Balteschwiler baut 24 Stellen ab
22.05.2026 LaufenburgDamit verbunden ist eine Reduktion der Angebotspalette bis Ende 2027
Die Balteschwiler AG passt sich den veränderten Marktverhältnissen an. Anfang Mai wurde die strategische Neuausrichtung bekanntgegeben. Jetzt ist klar, welche Stellen über welchen Zeitraum vom Abbau betroffen ...
Damit verbunden ist eine Reduktion der Angebotspalette bis Ende 2027
Die Balteschwiler AG passt sich den veränderten Marktverhältnissen an. Anfang Mai wurde die strategische Neuausrichtung bekanntgegeben. Jetzt ist klar, welche Stellen über welchen Zeitraum vom Abbau betroffen sind.
«Mit der Fokussierung auf den Bereich Abbund geht ein geordneter Ausstieg aus den Bereichen Handel, Hobel und Hobelwaren-Beschichtung über die nächsten rund zwei Jahre einher. Von den Mitarbeitenden in diesen Bereichen werden 32 in die stark wachsende Abteilung Abbund wechseln können oder in Pension gehen. 24 Mitarbeitende werden aus der Balteschwiler AG bis Ende 2027 ausscheiden oder bei natürlicher Fluktuation nicht ersetzt werden», schreibt die Unternehmensleitung in einer Mitteilung an die Medien.
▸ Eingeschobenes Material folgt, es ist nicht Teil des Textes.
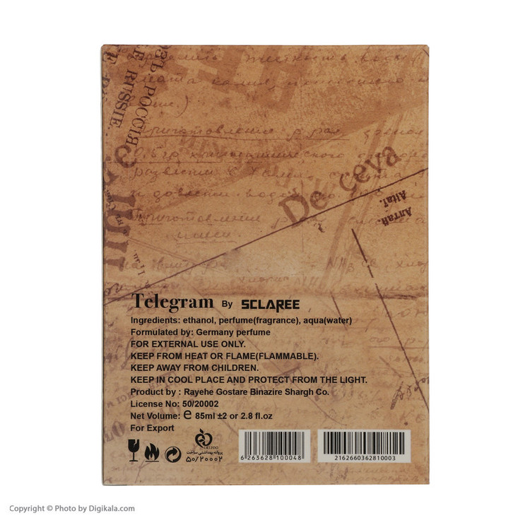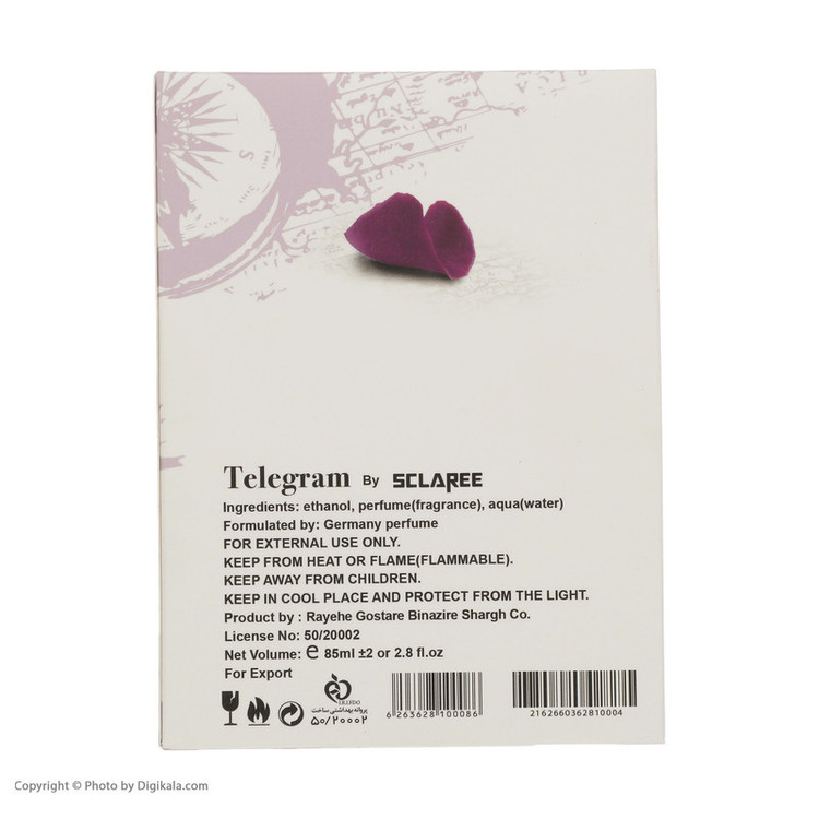 به همراه ادو پرفیوم زنانه تلگرامحجم 85 میلی لیتربا رایحه خنک و شیریننت های آغازی: نارنگی، نارنج، شکوفه گیلاسنت های میانی: گل رز، بنفشه، یاسمیننت های پایانی: صندل، بامبو، مشک

Und weiter: «Die lange Vorlaufszeit verschafft vielen Mitarbeitenden genügend Zeit, um sich neu zu orientieren.» Das Amt für Wirtschaft und Arbeit sei frühzeitig involviert worden und die Mitarbeitenden am 5. Mai 2026 über die geplante Neuausrichtung und die Möglichkeit informiert worden, während der Konsultationsphase Anträge zur Vermeidung von Kündigungen oder Milderung der Kündigungsfolgen einzureichen. Die Anträge seien intensiv geprüft und basierend darauf eine Vielzahl von Massnahmen entwickelt worden.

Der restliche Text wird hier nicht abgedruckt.